Нежные годы в рассрочку - Богданова Анна Владимировна. Страница 16
* * *
Спустя месяц после объявления Гаврилову о своём намерении развестись с ним у Зинаиды Матвеевны всё было на мази. Ей каким-то совершенно непостижимым образом удалось найти комнату в коммуналке для ненавистного мужа и двухкомнатную квартиру, «распашонку», в «хрущёвке» для себя, детей и Авдотьи Ивановны. Тут, конечно, без доплаты не обошлось – Зинаиде пришлось выложить все свои накопления, чтоб прокрутить этакий непростой квартирный обмен, но ничего не поделаешь.
Итак, всё было готово для дальнейшей спокойной жизни без хулигана, гулёны и дебошира Владимира Ивановича.
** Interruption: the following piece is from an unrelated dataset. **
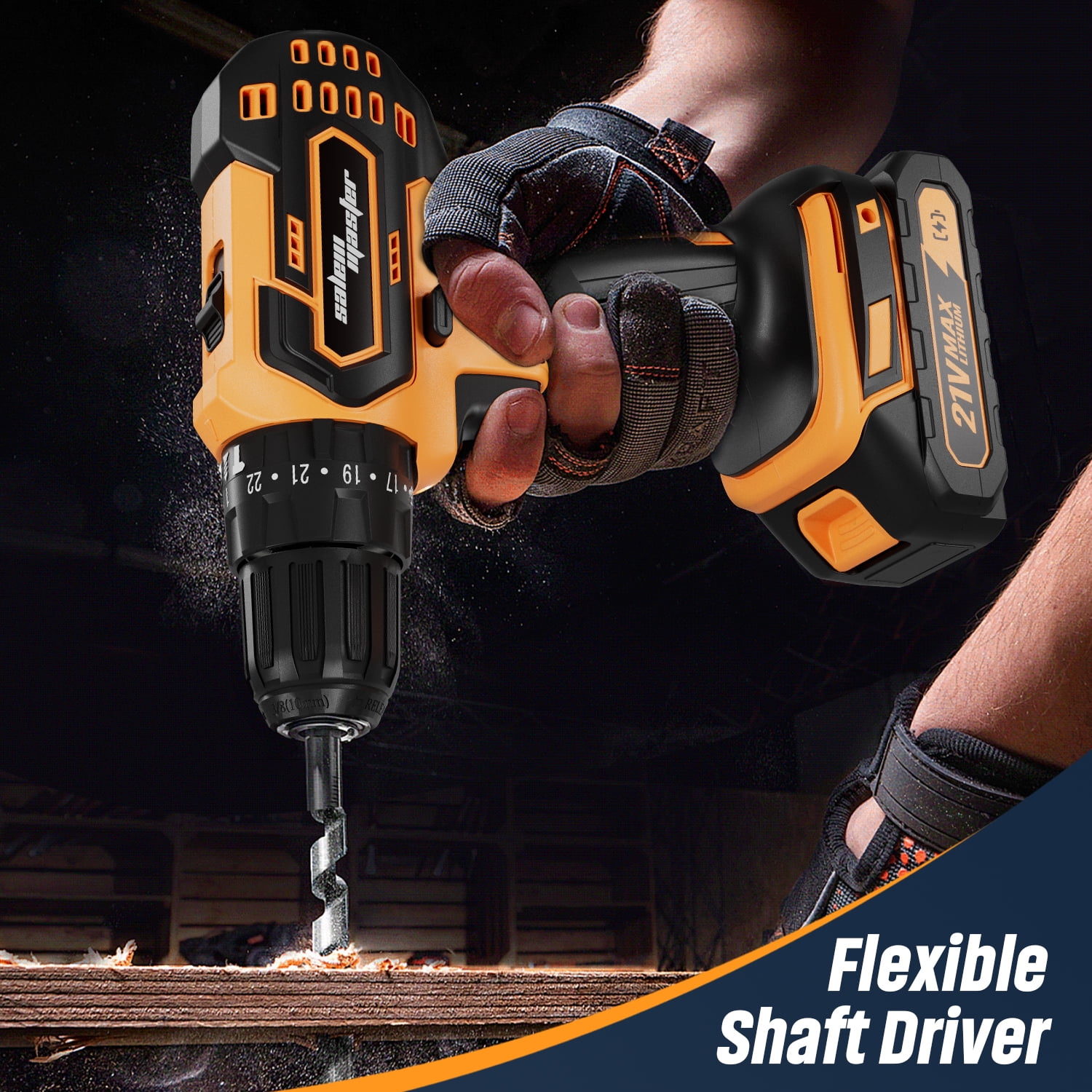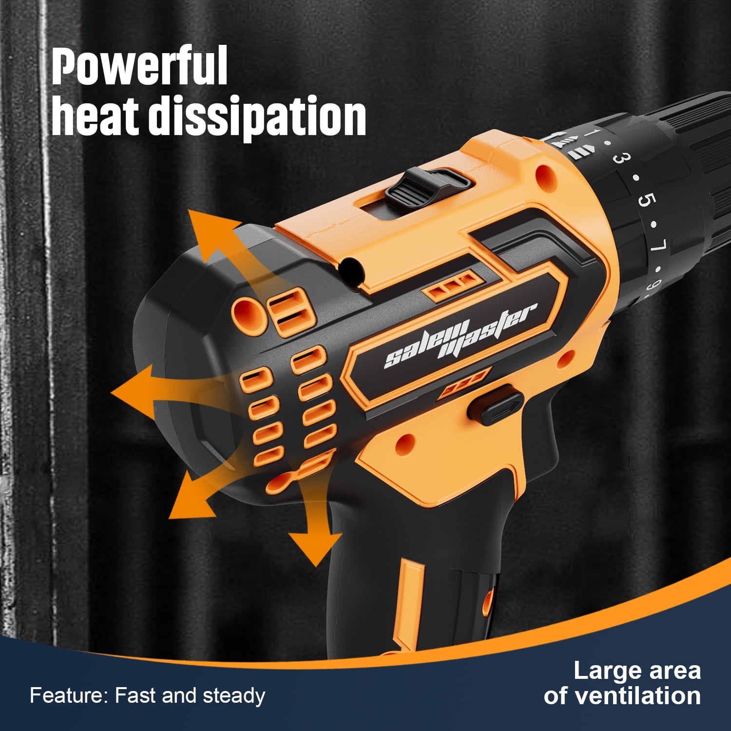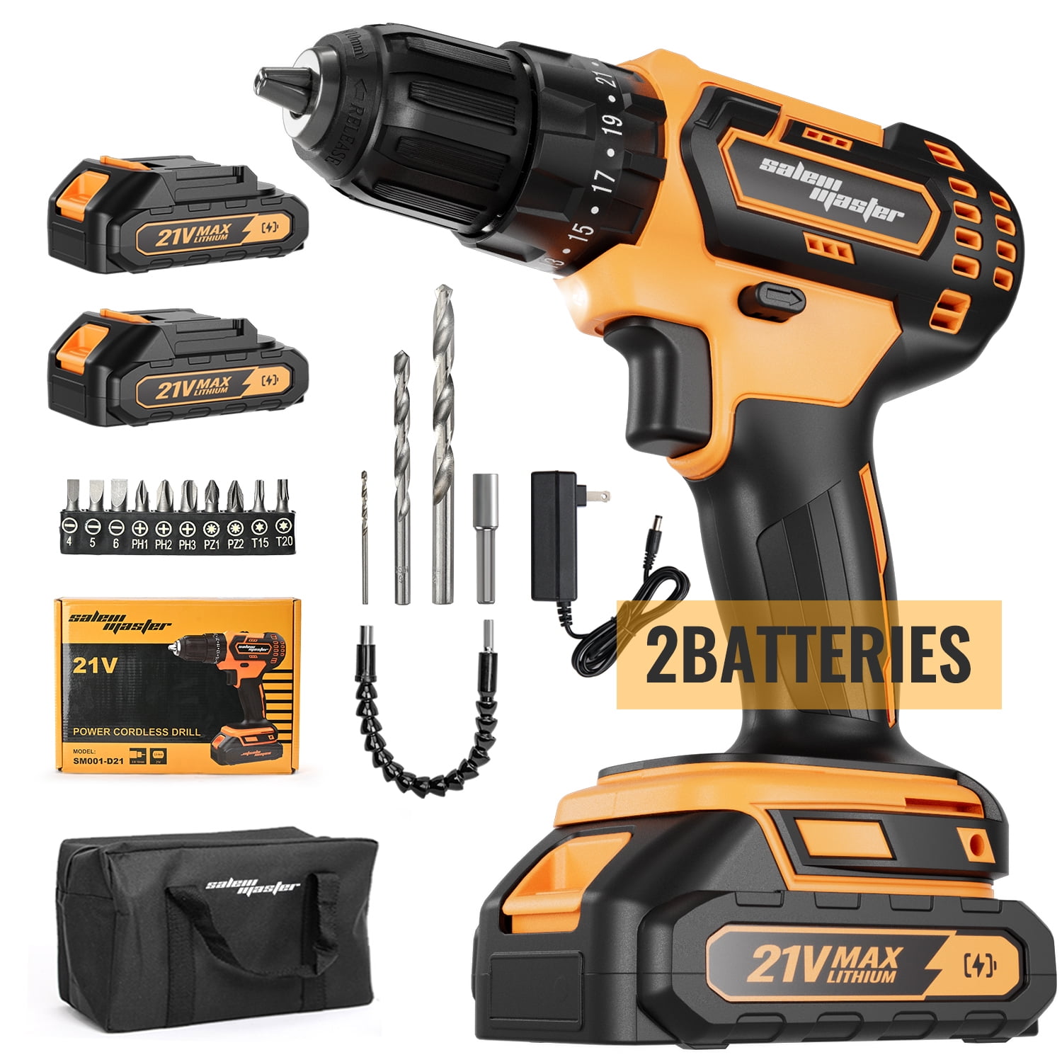 High Performance: SALEM MASTER Cordless Drill Driver equipped with 3 in 1 functions, has more efficient models of screwdriving, drilling and impact drilling. 2 variable speeds( 0-450 & 0-1650 RPM) for a range of drilling holes and driving screws on wood, aluminum, metal and plastic. Max torque 29N.M(350in-lb), and 23+1 positions torque make it be a powerful all-round helper for matching your desires, perfect for professional and DIYers. 3/8 Keyless Auto Chuck: The 3/8’’ all metal keyless chuck delivers an automatic spindle lock with the maximum durability and great accessory compatibility. The forward/reverse switch and variable speed trigger are available for drilling and fastening. Max drilling capacity: wood 28mm, aluminum 12mm and steel 12mm. Built-in LED & 2 Pack Batteries: The cordless drill driver is equipped with LED light for illumination and extra security when you work in dark areas, more convenient and safer. 2-pack lithium-ion batteries deliver you a continue work. Compact & Ergonomic: This cordless drill driver designed with no-slip rubber-covered handle with ergonomic design delivers the maximum comfortable grip for being breezily operated in one hand and less vibration. Only weighs 2.7lbs equipped with one battery, lightweight and compact design makes it easy to be used to some tight areas. Variable Speed Forward/Reverse Button Max Torque 29N.M/257In-lbs 23+1 Positions Clutch 3/8” Auto-lock Chuck Dual Front LED Light Supports Dark Corner Operation LCD Indicator Delivers to Show Battery Capacity Support Narrow Space Work and Multi Applications Comfort Non-slip Rubberized Handle 2-Pack Rechargeable 21V 1.3Ah Lithium-Ion Battery 15pcs Accessories (10 pcs Screwdriver Bits, 3 pcs Drill Bits, 1 pcs Universal Soft Shaft, 1 pcs Bit Converter) Easy Carrying Bag Faster Charging Drill Capacity: Steel 12mm / Wood 28mm / Aluminum 12mm

Супруги даже имущество разделили – книги ему, всё остальное Зинаиде Матвеевне. Правда, небольшой спор вышел из-за нового холодильника «ЗИЛ», на который Гаврилову полгода назад пришлось добавить, но в конце концов он вспылил, выкрикнув:
– Да подавись ты своим холодильником! Т-п, т-п, т-п, т-п, т-п, – тук, тук, тук, тук, тук. – Змея подколодная!
Таким образом, всё складывалось более или менее благополучно, но, как говорится, горе ждало за углом.
Авдотье Ивановне становилось всё хуже и хуже – она уже не только не узнавала детей, но и перестала говорить – старушка лежала на подушках, изредка выкрикивая нечленораздельные звуки, напоминающие вой голодных шакалов. Вшей в её голове, несмотря на старания Милочки, становилось всё больше, аппетит, наоборот, совсем пропал. И одним тихим, прекрасным утром, когда золотисто-багряная листва деревьев, переливаясь в остывших осенних солнечных лучах, казалась из окна какой-то нереальной, звонкой и стеклянной, Авдотья Ивановна вдруг пришла в себя и потребовала манной каши с изюмом. Зинаида всплеснула от радости руками и полетела на кухню варить кашу на молоке.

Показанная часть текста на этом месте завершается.